The Angel of Darkness
Caleb Carr
Little, Brown hbk, 629 pgs, £15.99
Review by Gerald Houghton (1998)
Too much, I suppose, to expect Caleb Carr to confound his hernia-inducing The Alienist with a slim, elegant Julian Barnes-ish volume of contemporary morals: The Angel of Darkness shares much the same cast as that debut and clocks in at almost a hundred pages extra. Fortunately it's also better.
Not that The Alienist was bad. As a conceit it may even have been inspired: a bog standard New York serial killer thriller transported back to the turn of the century, its titular hero, Laszlo Kreizler, a criminal psychologist dabbling in primitive profiling and forensics.

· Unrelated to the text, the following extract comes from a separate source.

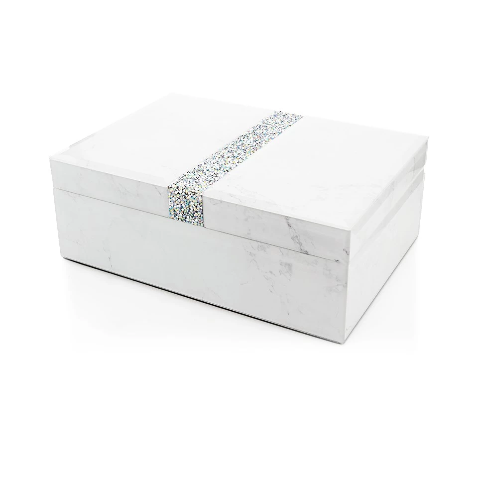 Mele & Co Large White Marble Effect Glitter Jewellery Box – P56163

The Angel herself is one Libby Hatch, a wet nurse fingered by the doctor's team in the kidnapping of the baby daughter of a high-ranking Spanish diplomat. But as they probe into her country past, the more this looks to be the work of a cunning serial killer in the protection of one of the city's heaviest criminal gangs. Bringing her to book will mean fighting both the underworld and the courts.

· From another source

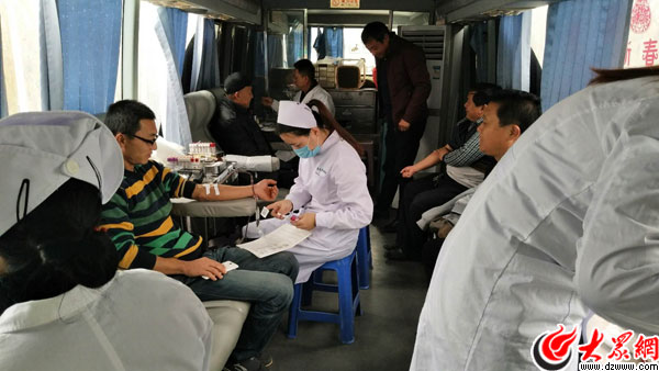 郭家溝村民在獻(xiàn)血車上獻(xiàn)血

At least this time Carr doesn't get mired in the pedantic characterisation of his last, but nor has he cracked the economy this sort of narrative so desperately needs; so much is weighed down by the wealth of his (no doubt thorough) researches. Carr is an author too in awe of his own creation and one badly in need of a more rigid editor. The sheer size of his undertaking inevitably induces fatigue, although his climax is alarmingly abrupt. The Angel of Darkness is a book that borrows heavily from Harris' Silence of The Lambs, but appears to have learnt nothing from it.